When Brian Bridges first heard about the $120 million donation, his initial reaction was “elation, joy, amazement,” he said. As head of research at the United Negro College Fund, he understands the money will help tens of thousands of students who apply for scholarships annually.

“The fact that this is today, the largest single investment in HBCUs is a bit saddening because these kinds of investments and size of investments are made to predominantly white institutions every year,” Bridges said.

HBCUs attract more lower-income students than other colleges and universities — 90% of them are eligible for financial aid. And COVID-19 has been hard on the schools, said Marybeth Gasman with the Rutgers Center for Minority Serving Institutions.

“For many of them, their infrastructure is not necessarily ready for being online,” Gasman said. “That takes a lot of work, it takes a lot of money.”

And reopening campuses will take even more money.
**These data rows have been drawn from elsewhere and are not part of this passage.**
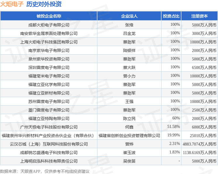 证券之星消息,根据天眼查APP显示,火炬电子(603678.SH)新增一起对外投资事件,被投资公司为上海明启泓科科技有限责任公司,法定代表人吴俊苗,投资占比为-。该公司从事软件和信息技术服务业,注册资本为5000万人民币。目前,火炬电子共存在对外投资17项,详见下表:
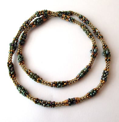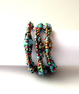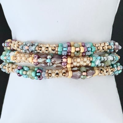 Gefertigt aus Miyuki Rocaillesperlen, Swarovski crystal pearls (Süsswasserperlenimitation) und präzisen Glasschliffrondellen und -würfeln.
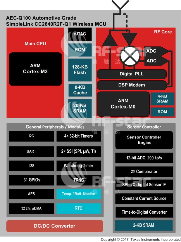 CC2640r2f-q1 wireless MCU includes a 32-bit arm ? cortex ? - m3 processor running at 48mhz as the main application processor, and an RF core arm ? cortex ? - M0.
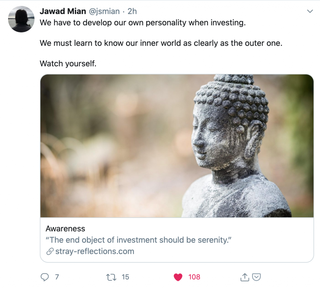 Maybe that’s what this series is all about– maintaining awareness of the macro, micro, and self– and learning what type of investor I am. I’ve shifted my strategy through the crisis, and I’ve struggled a bit with understanding if I’m doing what a great investor should do or if becoming more active (something I’ve shunned for the past decade) will prove to be a mistake. Either way, as Jawad says, we have to develop our own personality. Development implies evolution.
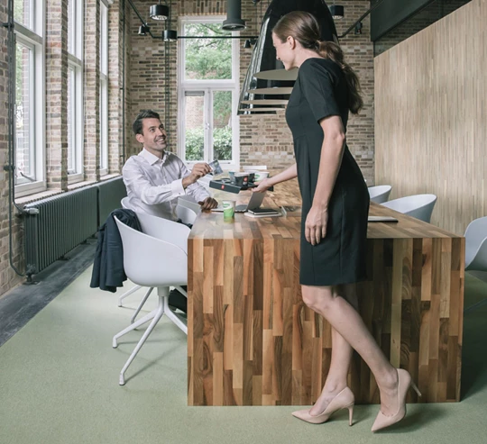 Verder is het een kwestie van de bedrijfscultuur aanpassen om mensen vaker uit de stoel te krijgen. Als iedereen de hele dag zit, is de drempel immers hoog om als eerste en enige aan een zit/stabureau te werken. “Mensen zijn nu eenmaal kuddedieren en zullen niet snel als eerste de dam oversteken. Wil je een gezonder bedrijf, dan moet je werknemers een handje helpen,” zegt Dirk Schaars. Werknemers staand laten vergaderen, lunchwandelingen aanbieden – compleet met lunchbox en een route van 15 of 30 minuten - of een tafeltennistafel neerzetten, helpt enorm. “Zo wordt bewegen normaler en gaan ook de mensen die er geen affiniteit mee hebben, er eerder in mee,” zegt Schaars. Lees meer over onze koffieapparaten voor op kantoor.
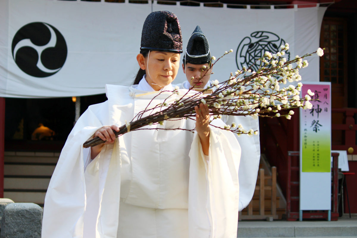 社殿の前に進み、まず行われるのは「四方鎮の儀(しほうしずめ の ぎ)」!花の咲いた桃の枝を持っての登場です!
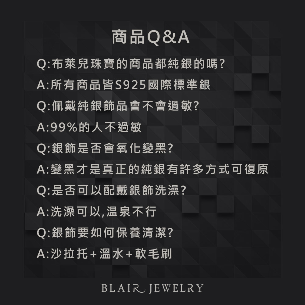 A:布萊兒的銀飾皆為國際標準925以上純銀,並不定時透過臺灣銀樓公會同款專業驗金儀器檢測
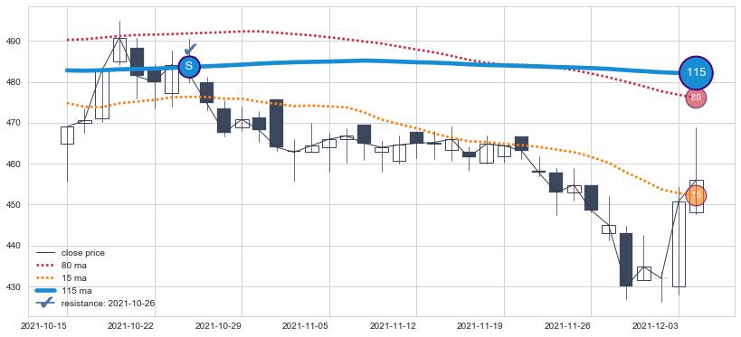 下跌趋势2021-10-15-2021-12-06,均线115确认关键阻力1处
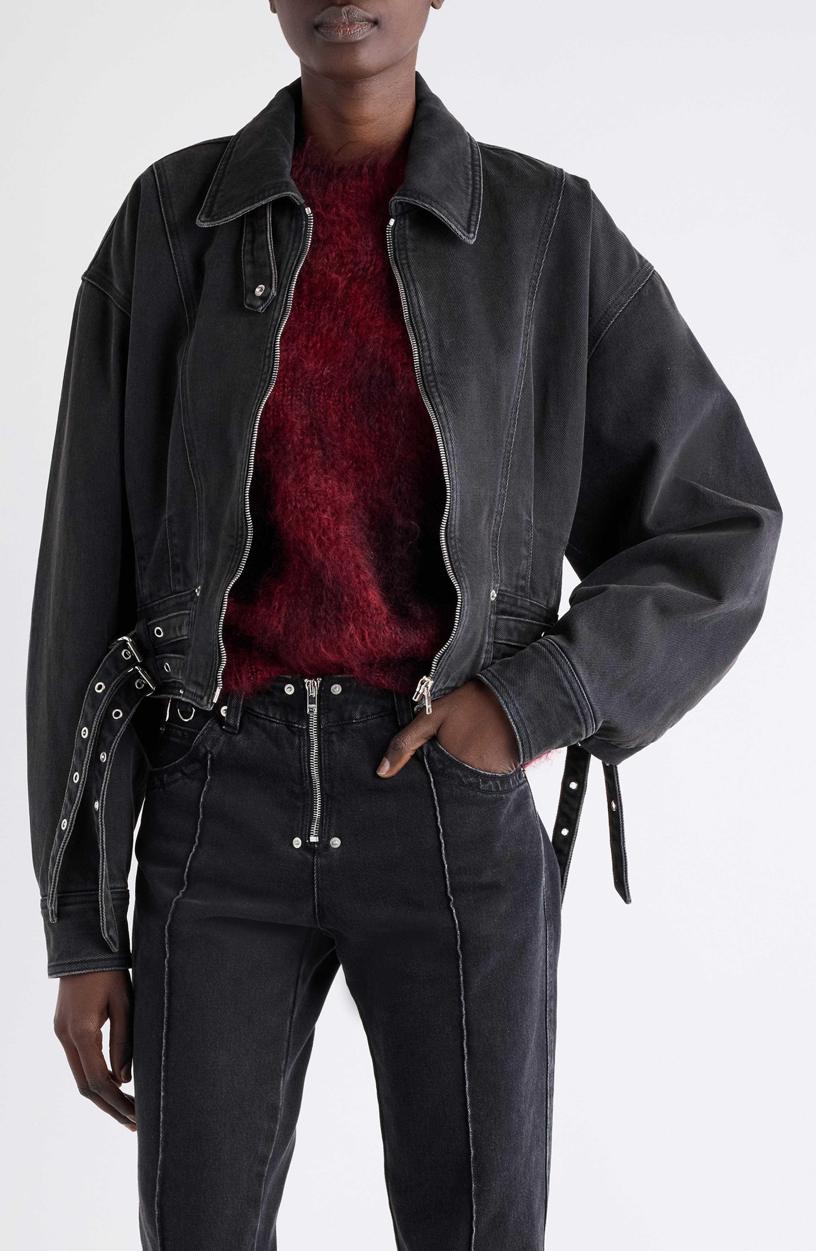Isabel Marant Santa Crop Denim Jacket in Black at Nordstrom
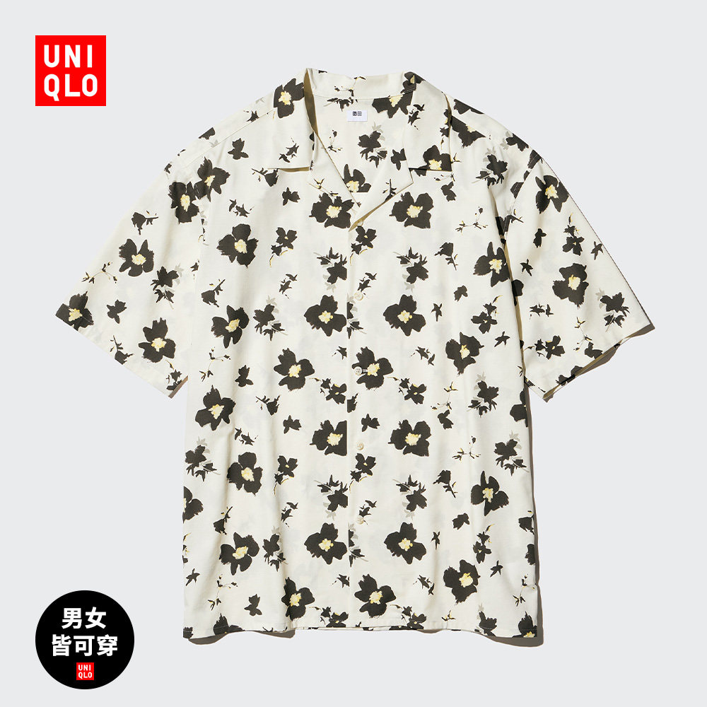 Uniqlo Men's Women's Modal Cotton-Blend Printed Open Collar Shirt Short Sleeve Cuban Collar Resort 477644
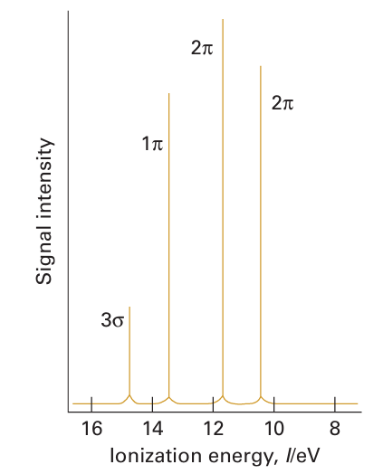 Figure 17.2 Photoelectron spectrum of ICl. The 2π levels give rise to two peaks because of spin-orbit interaction in the positive ion.
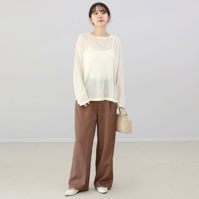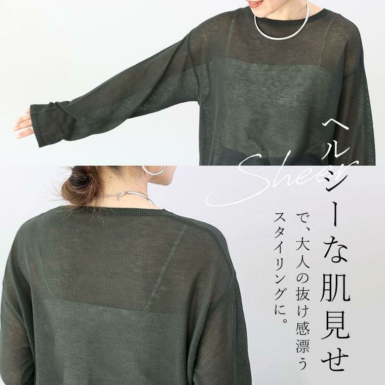 程よいシアー感が特徴のハイゲージニット。キャミと合わせて一枚で着たり、ワンピやベストのインナーとして着たりと着回しの効くベーシックなデザインです。上品な印象のクルーネックに、身幅と袖は広めに設計し、ゆるっと着られます。カットソー感覚で使えてお洒落度が増す頼れる基本アイテムです。
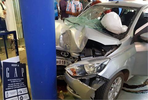 ਸ਼ੋਅਰੂਮ ਦੇ ਬਾਹਰ ਇੱਕ ਸਰਕਟ ਦੇ ਸੀਸੀਟੀਵੀ ਕੈਮਰਾ ਤੋਂ ਮਿਲੀ ਫੁਟੇਜ ਦਰਸਾਉਂਦੀ ਹੈ ਕਿ ਕਾਰ ਫੁਟਪਾਥ ਤੋਂ ਪਾਰ ਪਾਰਕਿੰਗ ਵਾਲੀ ਥਾਂ ਵਿੱਚ ਖੜੀ ਸੀ।
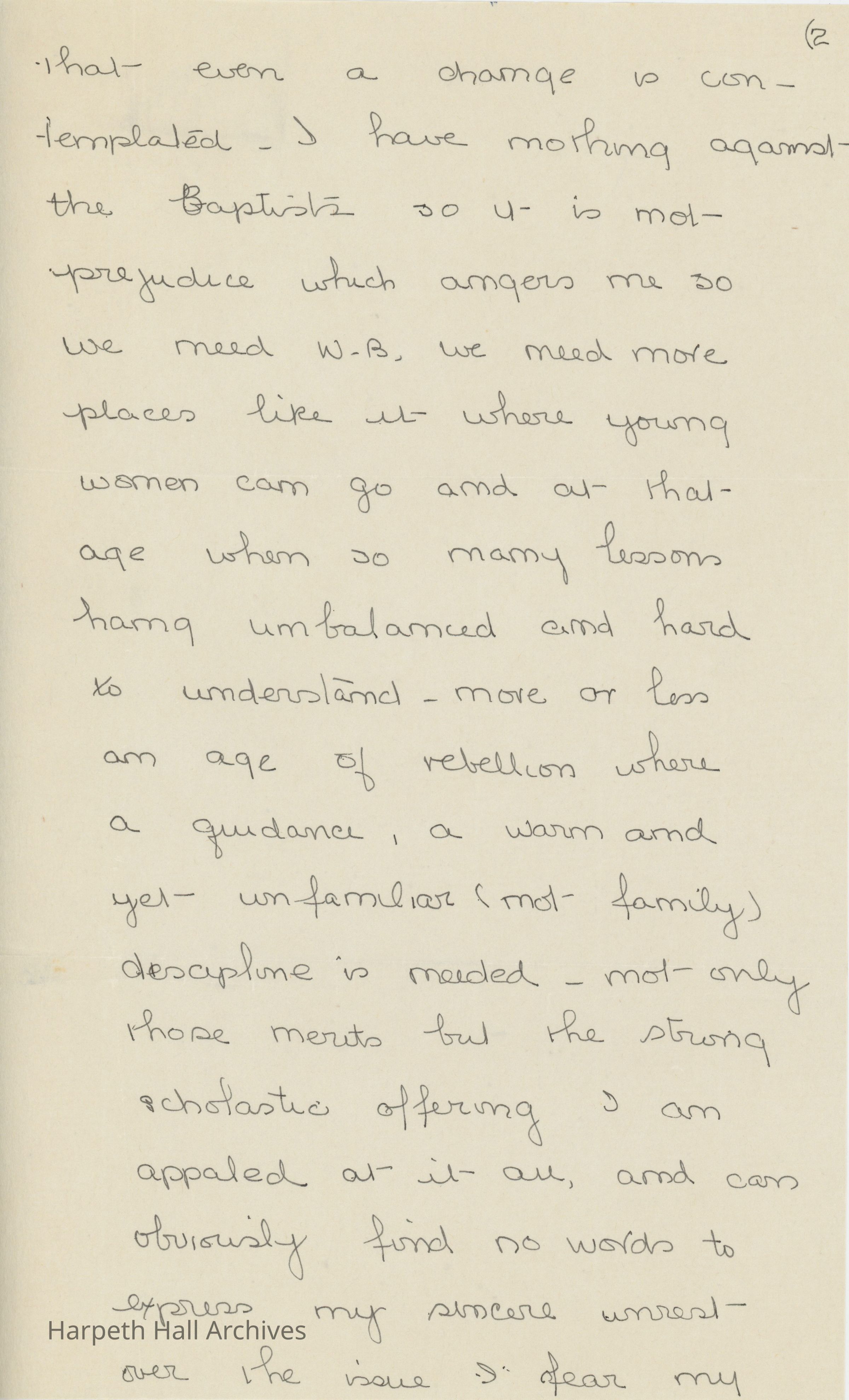 Letter from a Ward-Belmont alumna about her sadness that Ward-Belmont has transferred ownership to the Tennessee Baptist Convention who wish to make the school a co-educational denominational university. She is upset that W-B's traditions, values, and history as they currently stand are coming to an end.Collection
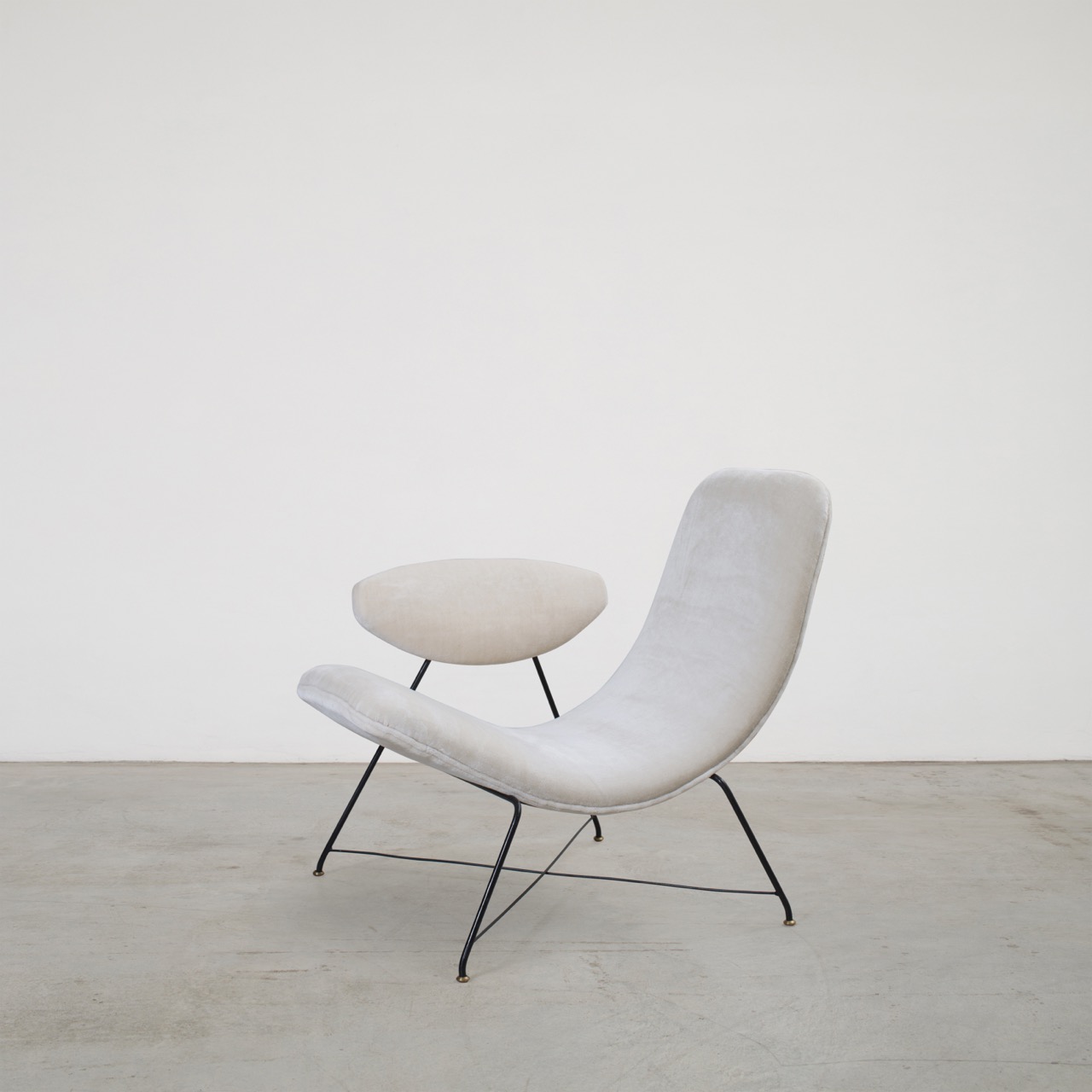 Manufactured in Brazil in 1955, Reversível armchair exemplifies the pioneering design philosophy of Martin Eisler and Carlo Hauner. Featuring an asymmetrical, curved seat, the armchair combines an unconventional, dynamic shape with a visionary innovation in terms of functionality. The result is a timeless piece that effortlessly adapts to any environment.
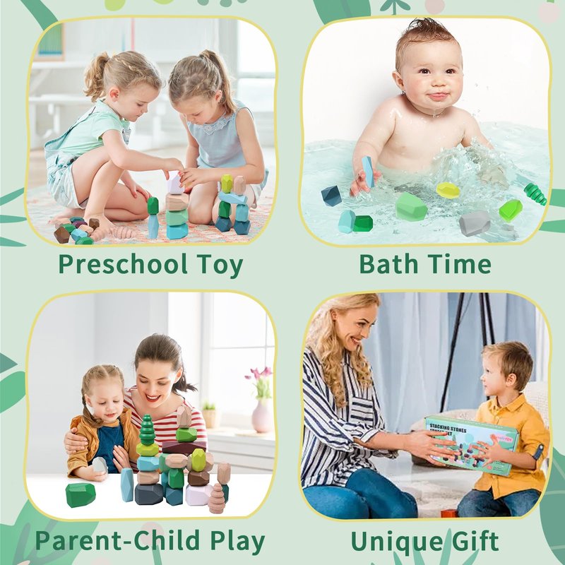 - Safe and Durable Material: The wooden stacking toys for toddlers are made of high-quality durable natural wood and coated with non-toxic water-based paint. The hand-polished smooth edges of stone balance building blocks ensure safety for little hands
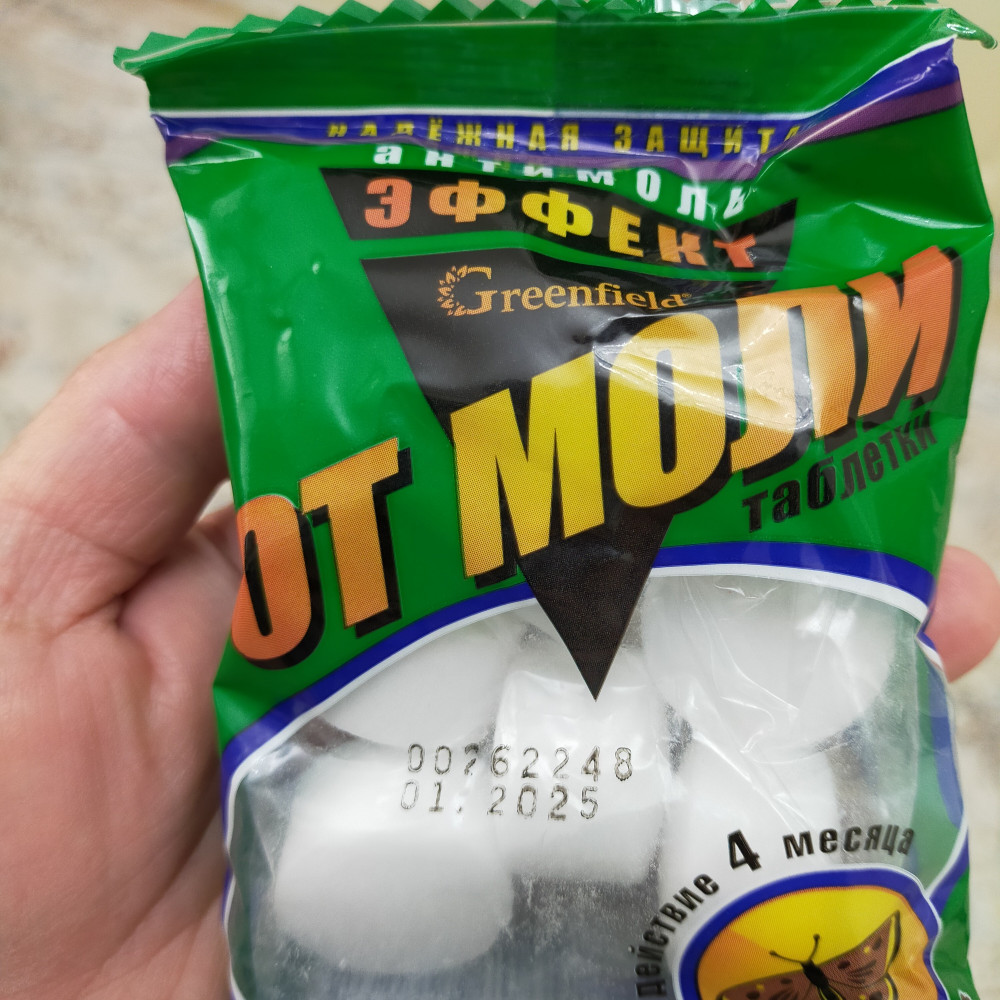 Пользуемся этими таблетками на протяжении многих лет, результат отличный, моль начисто забыла дорогу к нашим теплым вещам. В местных магазинах не найти, спасибо флипу за наличие, демократичную цену и быструю доставку!
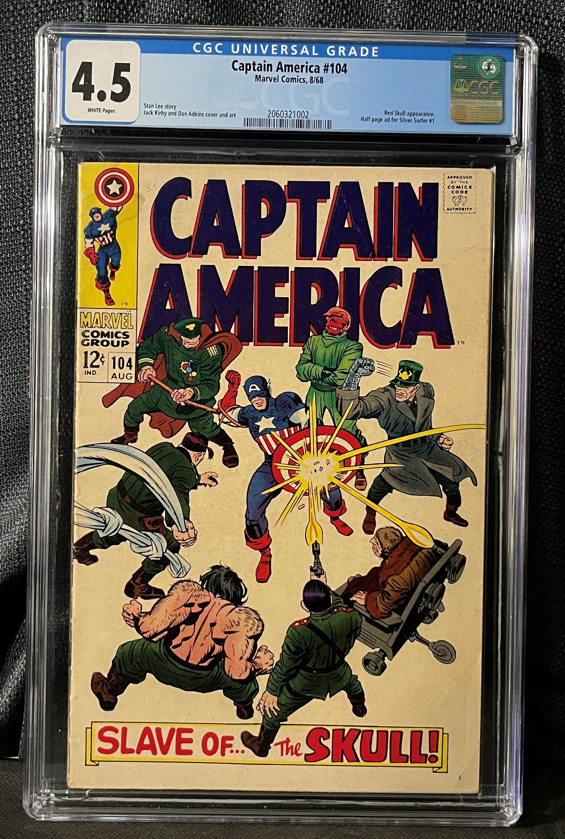 This item is a professionally encapsulated and graded Silver Age American comic book, Marvel Comics’ *Captain America* #104, dated August 1968. It has been assigned a CGC Universal Grade of 4.5 with WHITE Pages. The story is credited to Stan Lee, with cover and interior art by Jack Kirby and Dan Adkins. Key features noted on the CGC label include a Red Skull appearance and a half-page advertisement for *Silver Surfer* #1. The colorful cover art, typical of the period, dramatically depicts Captain America in battle against the Red Skull and several henchmen, with the prominent title “CAPTAIN AMERICA” and a tagline “SLAVE OF… The SKULL!”. The comic is preserved within a clear, rigid plastic slab.

Virginia State University President Makola Abdullah is looking at millions of dollars in social-distancing costs.

“The revenue reduction from social distancing in the residence halls and not having as many students on campus, and then if you couple that with the growing level of COVID-related infrastructure that you want to put in, extra cleaning, signs on the floor to mark distance,” Abdullah said.

Abdullah expects to see a 10% enrollment decline. But the recent Black Lives Matter protests may have a silver lining for HBCUs: A survey found that their enrollments increased after protests and the election in 2016.